III. LOS MONASTERIOS: CENTROS DE SABER Y VIDA CULTURAL

La irrupción de los pueblos bárbaros en la Europa Occidental


en las primeras décadas de la Edad Media constituyó un factor
desestabilizador de la vida social y cultural de la época; de hecho se
produjo una decadencia de la cultura urbana latina y una ruptura
con la tradición clásica.
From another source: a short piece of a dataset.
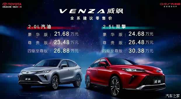 这几年国内的SUV市场打得火热,至此,广汽丰田带来了全新车型:威飒! 车身尺寸4780/1855/1660mm,轴距:2690mm,定位在汉兰达与威兰达之间,所以车辆售价也是在此之间,从21.68万到30.38万,覆盖了六个车型可供选择,其中燃油版三款车型配备2.0L自然吸气发动机,最大功率171匹马力,双擎版为2.5L加电机混合动力,最大功率178匹马力! 外观上:车身线条灵动,显得修长,前大灯和尾灯相呼应,都是细长的流水形设计,尾灯采用当下非常流行的贯穿设计!整体有一种轿跑SUV的跨界风格! 内饰上:虽然设计还是有着很深的家族式设计的影子,但是在用料上简直一改对丰田的固有印象。大面积的软质材料,搭配镀铬装饰亮条,以及双拼色的颜色搭配,整体质感表现非常不错。 重要说的是:威飒的市场覆盖非常广,后期还有可能根据反馈来增加选择车型,目前2.0L车型也有四驱可供选择,双擎动力版本更是将燃油经济型表现到了天花板:官方公布的百公里综合油耗来看,燃油版为5.9L(两驱)/6.5L(四驱),双擎版为4.5L(两驱)/5.0L(四驱)。 总的来说:目前威飒的购买性价比还是很大的,从外观,动力,空间,配置,还有燃油经济性上来讲,都具有非常优秀的表现!

En este contexto, van a ser los monasterios,
con su rígida estructura interna, autonomía económica y persistente
aislamiento rural, los llamados a restaurar el mundo intelectual de la
cristiandad.
En la tradición benedictina se aprecian dos componentes de la
vida monástica: el Opus Dei u oficio divino, centrado en los rezos y
cantos (oraciones compuestas de salmos, himnos, responsorios, lec-
turas, etc.) de las horas litúrgicas, las cuales reúne a los miembros de
la comunidad en el coro de la iglesia durante varias horas al día y lo
que respecta a la Lectio Divina, lectura atenta y meditada de la Biblia
y de los textos cristianos de los primeros padres de la Iglesia. «... Para
los monjes en su conjunto es un texto el primer instrumento de las
buenas obras, aquel que le permite la lectura meditada de la palabra
de Dios...» (Lecrerco, 1965:29). Ambos aspectos, la liturgia y la lec-
tura divina, requerían que en el monasterio existieran libros, que a
su vez pudieran ser leídos y escritos, así como escuelas donde fueran
instruidos aquellos que carecían de esta habilidad.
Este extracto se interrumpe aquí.